Standard metrics like NDCG fail on diverse e-commerce datasets with subjective relevance (Saikin et al., 2021). Sentiment from reviews adds noise to ranking. Validating models requires large annotated shopping corpora.

Essential Papers

1.

Data science for digital culture improvement in higher education using K-means clustering and text analytics

Dian Sa’adillah Maylawati, Tedi Priatna, Hamdan Sugilar et al. · 2020 · International Journal of Power Electronics and Drive Systems/International Journal of Electrical and Computer Engineering · 27 citations

This study aims to investigate the meaningful pattern that can be used to improve digital culture in higher education based on parameters of the technology acceptance model (TAM). The methodology u...

2.

Clustering User Characteristics Based on the influence of Hashtags on the Instagram Platform

Muhammad Habibi, Puji Winar Cahyo · 2019 · IJCCS (Indonesian Journal of Computing and Cybernetics Systems) · 24 citations

Instagram is a social media that has the potential to be used to increase awareness of a product. Approximately 70% of users spend their time searching for a product on Instagram. Many people promo...

3.

Optimization of Support Vector Machine Method Using Feature Selection to Improve Classification Results

Saikin Saikin, Sofiansyah Fadli, M.Kom Ahmad Ashari et al. · 2021 · JISA(Jurnal Informatika dan Sains) · 23 citations

The performance of the organizations or companiesare based on the qualities possessed by their employee. Both of good or bad employee performance will have an impact on productivity and the impact ...

4.

Sentiment Analysis on PeduliLindungi Application Using TextBlob and VADER Library

Fathonah Illia, Migunani Puspita Eugenia, Sita Aliya Rutba · 2022 · Proceedings of The International Conference on Data Science and Official Statistics · 21 citations

The Covid-19 virus has become a global pandemic, including Indonesia. Various efforts have been made by the Government to reduce the negative impact by this pandemic, one of which is through the Pe...

5.

Hate Speech Detection on Twitter in Indonesia with Feature Expansion Using GloVe

Febiana Anistya, Erwin Budi Setiawan · 2021 · Jurnal RESTI (Rekayasa Sistem dan Teknologi Informasi) · 21 citations

Twitter is one of the popular social media to channel opinions in the form of criticism and suggestions. Criticism could be a form of hate speech if the criticism implies attacking something (an in...

6.

Balinese Historian Chatbot using Full-Text Search and Artificial Intelligence Markup Language Method

Kadek Teguh Wirawan, I Made Sukarsa, I Putu Agung Bayupati · 2019 · International Journal of Intelligent Systems and Applications · 17 citations

In the era of technology, various information could be obtained quickly and easily.The history of Bali is one of the information that could be obtained.Balinese have known their history through Bab...

7.

Online Newspaper Clustering in Aceh using the Agglomerative Hierarchical Clustering Method

Rizal Tjut Adek, Rozzy Kesuma Dinata, Ananda Ditha · 2021 · International Journal of Engineering Science and Information Technology · 16 citations

The rapid progress in the field of information technology, especially the internet, has given birth to a lot of information. The ease of publishing an article on a website causes an explosion of ne...

Reading Guide

Foundational Papers

Start with Ibrahim (2014) on prefix stemming for query normalization, then Sethi (1987) on natural language interfaces applicable to e-commerce search understanding.

Recent Advances

Study Habibi and Cahyo (2019) for hashtag clustering, Pratama et al. (2020) for vector models, and Anistya and Setiawan (2021) for GloVe expansion in relevance ranking.

Core Methods

Core techniques include K-means clustering (Habibi and Cahyo, 2019), support vector machines with feature selection (Saikin et al., 2021), weighted IDF vector space (Pratama et al., 2020), and GloVe embeddings (Anistya and Setiawan, 2021).

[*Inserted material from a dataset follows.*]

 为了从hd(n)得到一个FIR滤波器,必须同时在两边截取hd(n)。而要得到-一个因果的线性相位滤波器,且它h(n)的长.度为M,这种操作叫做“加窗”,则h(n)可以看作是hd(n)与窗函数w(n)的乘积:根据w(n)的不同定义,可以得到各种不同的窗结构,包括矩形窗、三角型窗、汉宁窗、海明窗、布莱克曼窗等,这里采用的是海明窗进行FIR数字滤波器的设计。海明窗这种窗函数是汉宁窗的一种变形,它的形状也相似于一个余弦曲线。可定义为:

How PapersFlow Helps You Research Information Retrieval in E-Commerce

Discover & Search

Research Agent uses searchPapers and exaSearch to find core papers like 'Clustering User Characteristics...Instagram' by Habibi and Cahyo (2019), then citationGraph reveals 24-citation connections to Pratama et al. (2020) on vector models. findSimilarPapers expands to related clustering works for e-commerce personalization.

Analyze & Verify

Analysis Agent applies readPaperContent to extract K-means implementations from Maylawati et al. (2020), verifies claims with CoVe on TAM parameters, and runs PythonAnalysis with NumPy/pandas to recompute clustering metrics. GRADE scores evidence strength for relevance in shopping datasets.

Synthesize & Write

Synthesis Agent detects gaps in personalization scaling across Habibi (2019) and Saikin (2021), flags contradictions in feature selection. Writing Agent uses latexEditText, latexSyncCitations for 10-paper reviews, and latexCompile to generate NDCG evaluation reports with exportMermaid diagrams.

Use Cases

"Reimplement K-means clustering from Habibi 2019 for e-commerce user segmentation."

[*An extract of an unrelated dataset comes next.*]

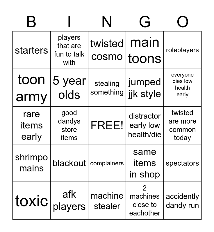 This bingo card has a free space and 24 words: blackout, afk players, stealing something, toxic, roleplayers, starters, toon army, players that are fun to talk with, distractor early low health/die, complainers, jumped jjk style, rare items early, same items in shop, spectators, 5 year olds, 2 machines close to eachother, twisted are more common today, twisted cosmo, everyone dies low health early, good dandys store items, accidently dandy run, shrimpo mains, main toons and machine stealer.

Research Agent → searchPapers('Habibi Instagram clustering') → Analysis Agent → readPaperContent → runPythonAnalysis (pandas NumPy sandbox recreates hashtag clusters) → outputs segmented user CSV with silhouette scores.

"Write LaTeX review of vector space models in e-commerce search like Pratama 2020."

Research Agent → citationGraph → Synthesis Agent → gap detection → Writing Agent → latexEditText + latexSyncCitations (10 papers) + latexCompile → outputs compiled PDF with relevance metric tables.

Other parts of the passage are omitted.